_ABOUT THIS EXERCISE_
Unless a line falls after the one with "2 avions de", retype it exactly from the records below; leave out all pictures.

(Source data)
Content starts

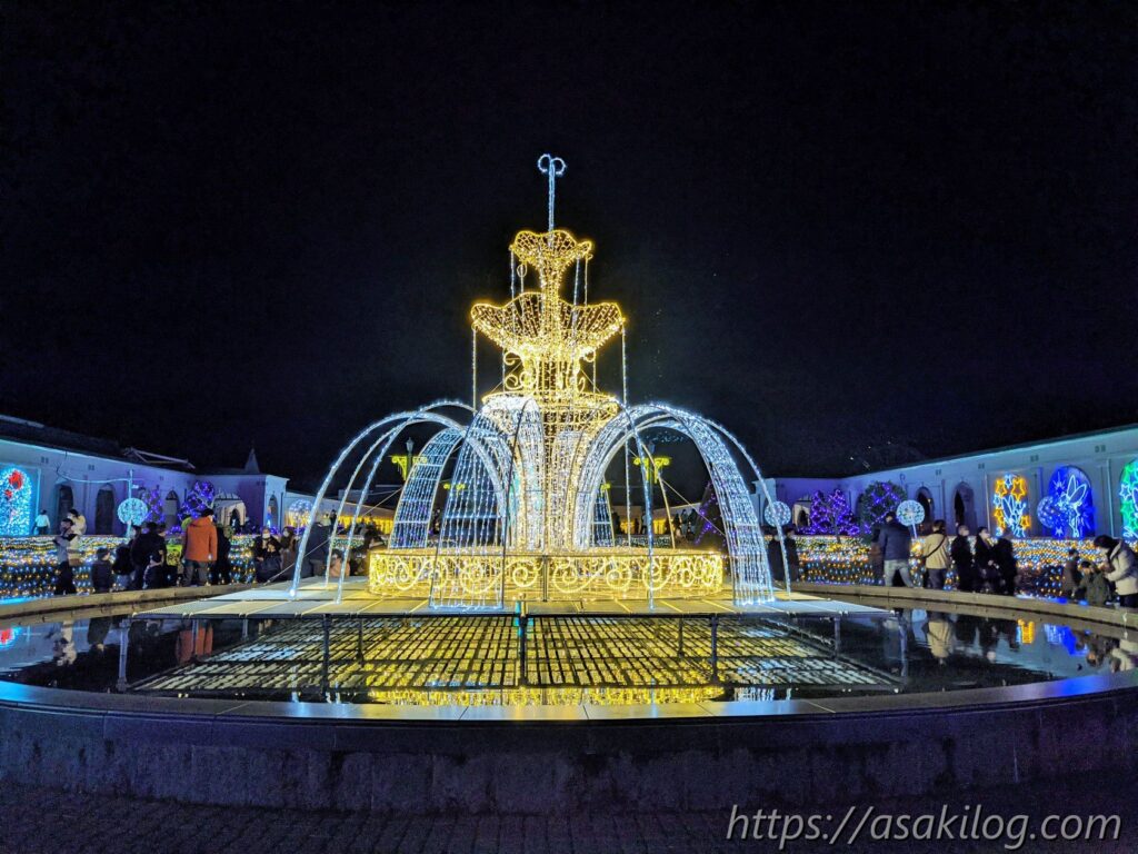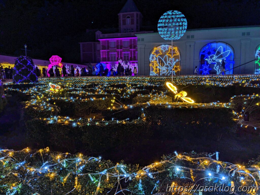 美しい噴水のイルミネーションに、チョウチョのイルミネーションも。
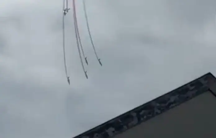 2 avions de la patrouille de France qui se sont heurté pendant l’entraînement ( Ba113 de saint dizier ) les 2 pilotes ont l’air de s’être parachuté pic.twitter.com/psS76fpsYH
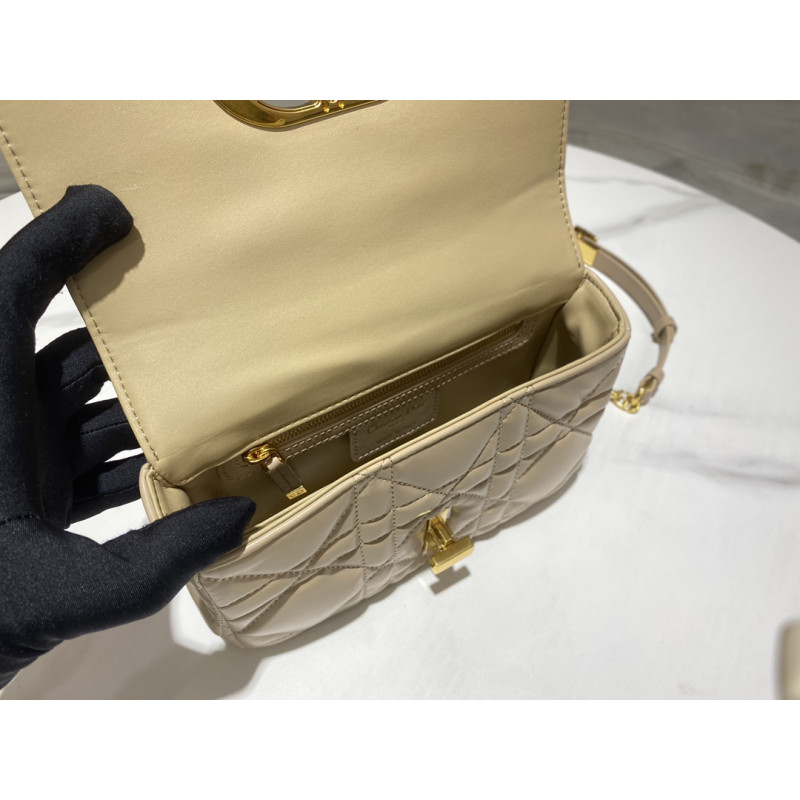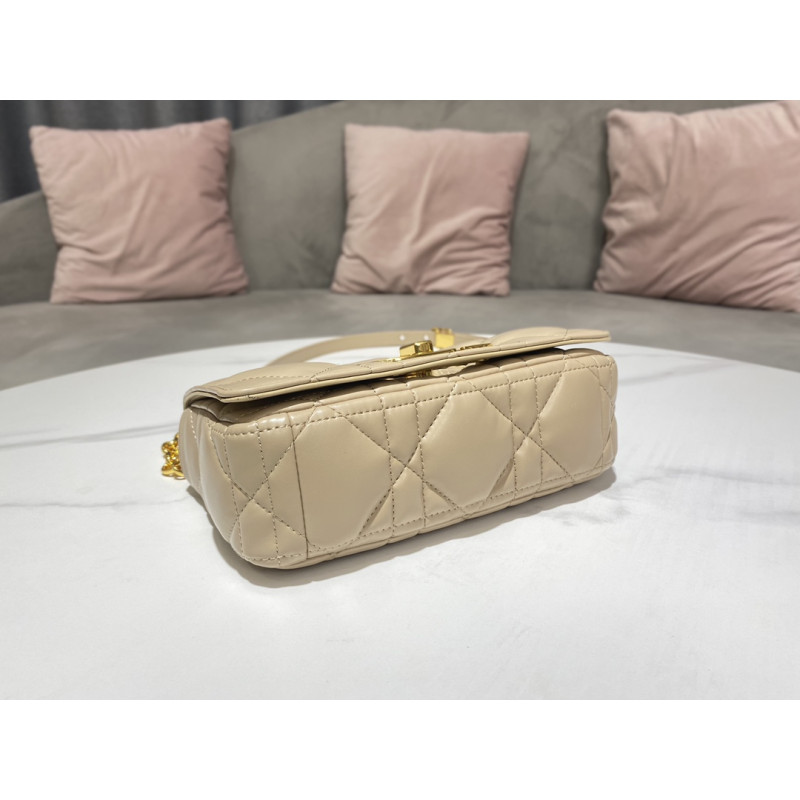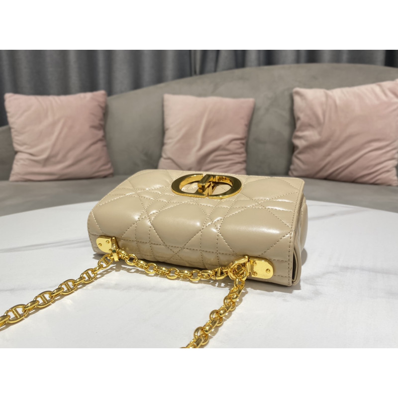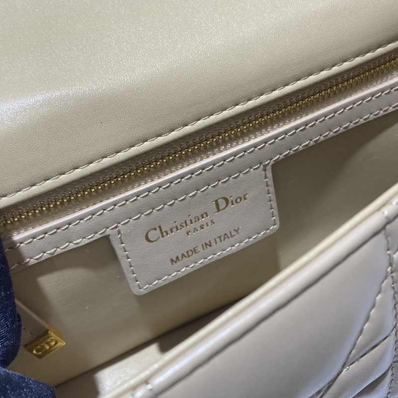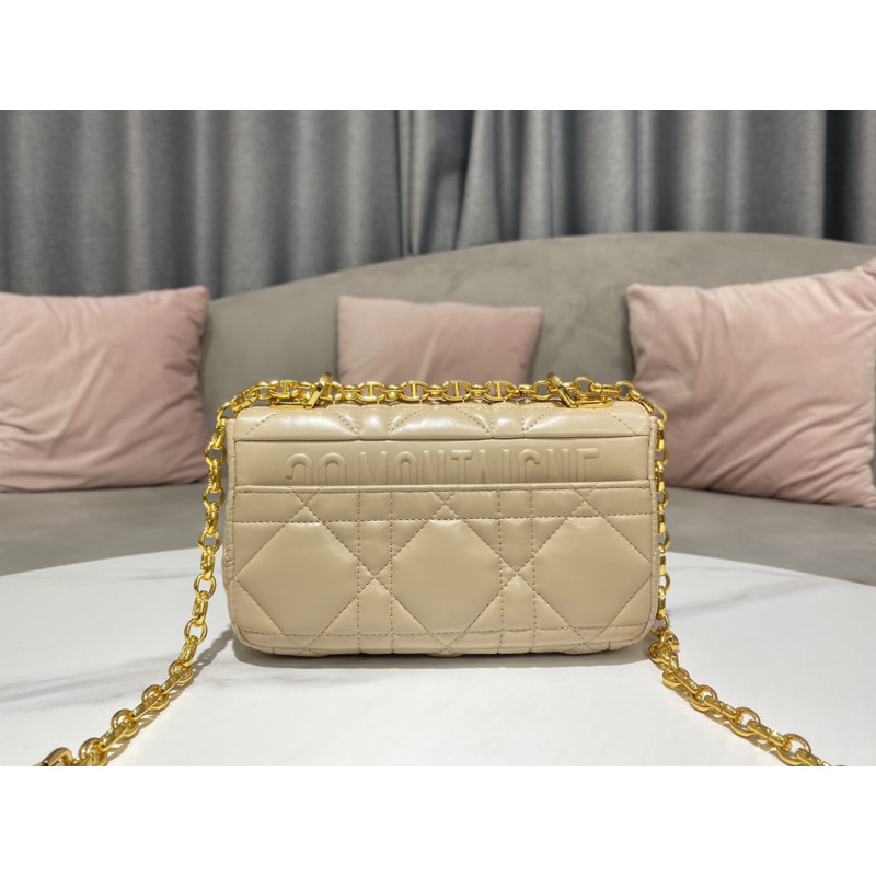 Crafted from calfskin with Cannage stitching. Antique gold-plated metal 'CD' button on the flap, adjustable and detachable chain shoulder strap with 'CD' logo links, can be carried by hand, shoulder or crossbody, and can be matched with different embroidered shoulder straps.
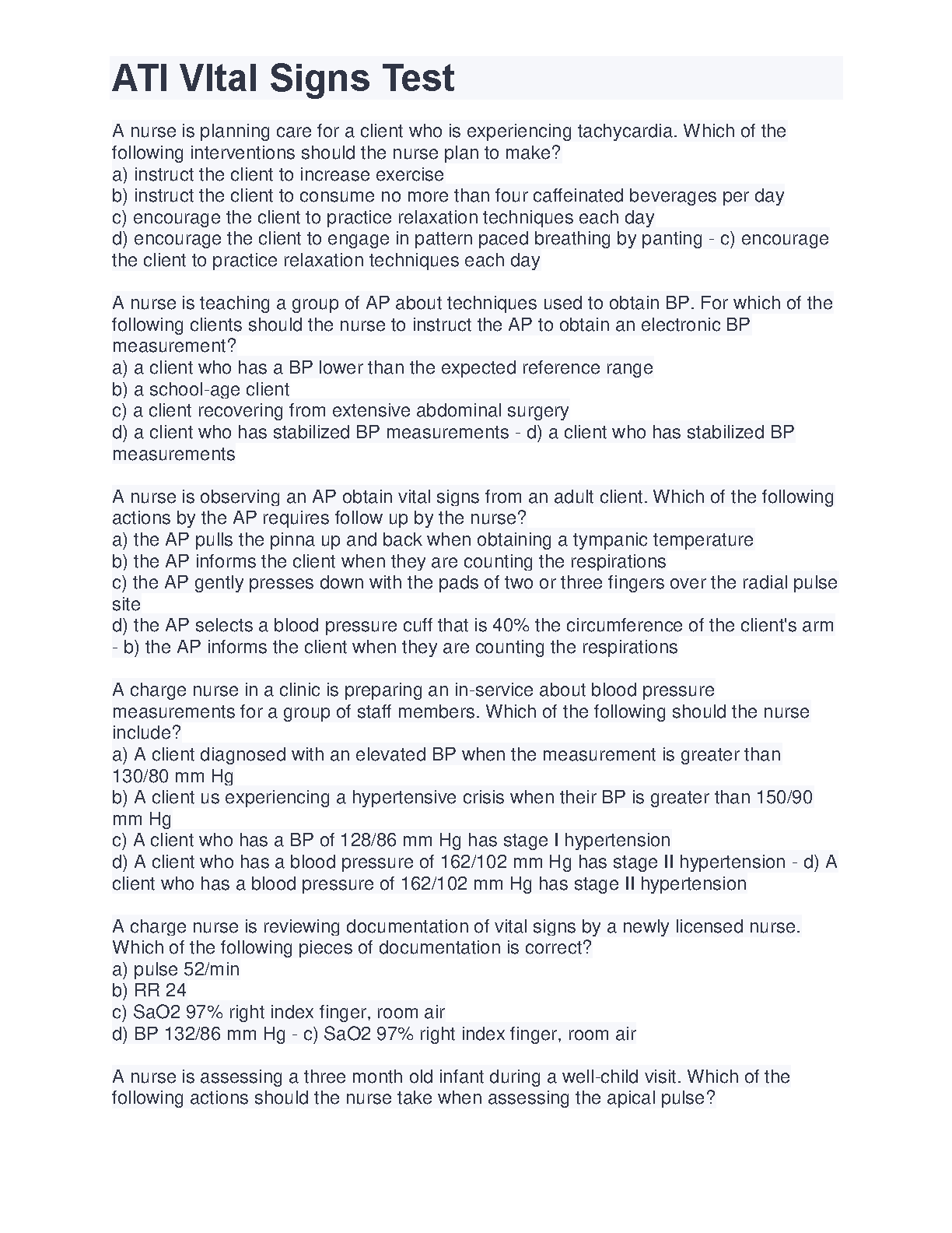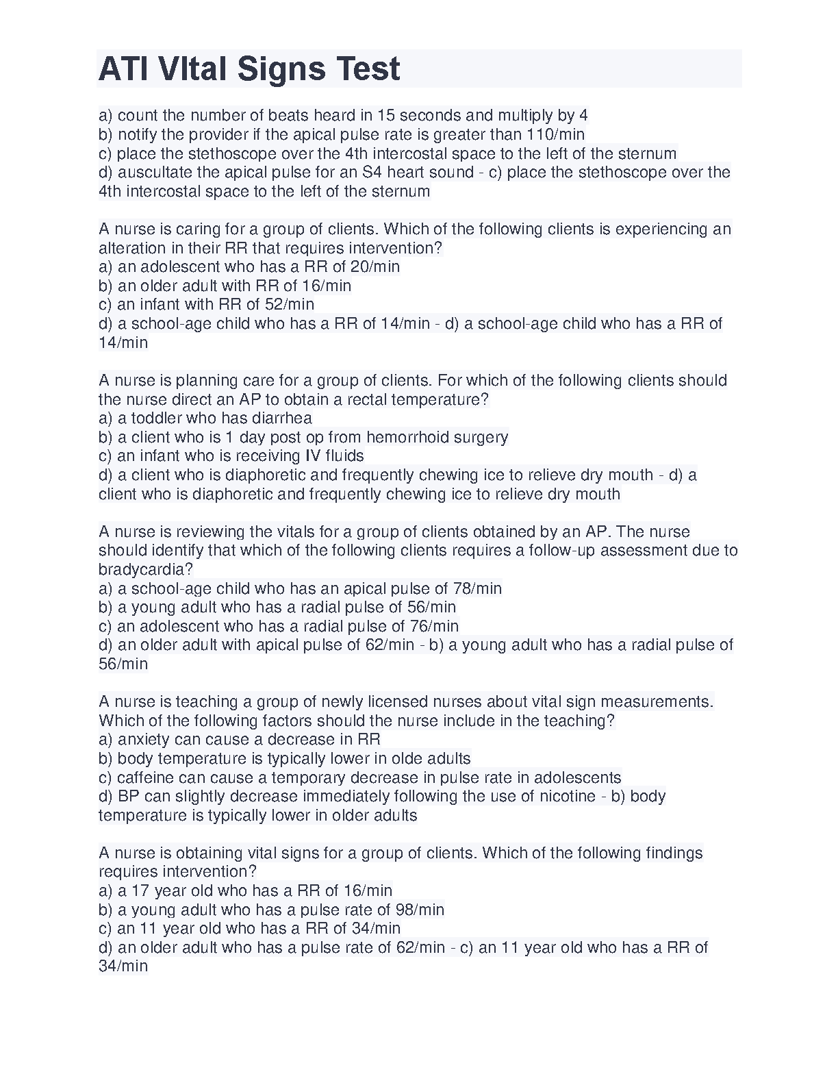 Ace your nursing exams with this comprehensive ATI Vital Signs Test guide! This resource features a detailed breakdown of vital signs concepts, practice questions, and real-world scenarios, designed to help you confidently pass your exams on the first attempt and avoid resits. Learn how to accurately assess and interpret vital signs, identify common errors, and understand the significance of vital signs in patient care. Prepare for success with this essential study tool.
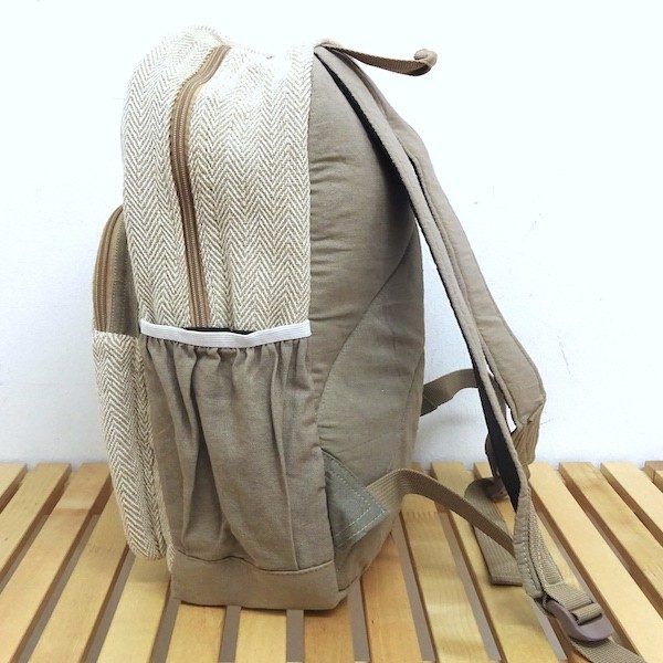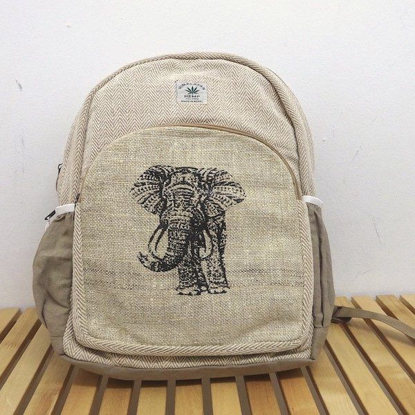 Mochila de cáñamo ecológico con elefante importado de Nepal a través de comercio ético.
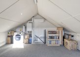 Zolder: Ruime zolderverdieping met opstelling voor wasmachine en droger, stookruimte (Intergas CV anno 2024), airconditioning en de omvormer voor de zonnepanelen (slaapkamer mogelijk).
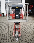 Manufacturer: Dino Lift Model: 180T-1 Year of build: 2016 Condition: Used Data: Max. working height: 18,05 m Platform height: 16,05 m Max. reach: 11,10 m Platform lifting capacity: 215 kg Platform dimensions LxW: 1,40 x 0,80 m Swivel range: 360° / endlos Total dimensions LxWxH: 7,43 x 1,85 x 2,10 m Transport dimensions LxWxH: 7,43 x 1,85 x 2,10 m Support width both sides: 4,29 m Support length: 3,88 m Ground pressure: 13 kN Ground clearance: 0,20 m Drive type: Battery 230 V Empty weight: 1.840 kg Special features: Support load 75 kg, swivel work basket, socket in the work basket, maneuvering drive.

Content ends

_WRITTEN RESPONSE_
 美しい噴水のイルミネーションに、チョウチョのイルミネーションも。
 2 avions de la patrouille de France qui se sont heurté pendant l’entraînement ( Ba113 de saint dizier ) les 2 pilotes ont l’air de s’être parachuté pic.twitter.com/psS76fpsYH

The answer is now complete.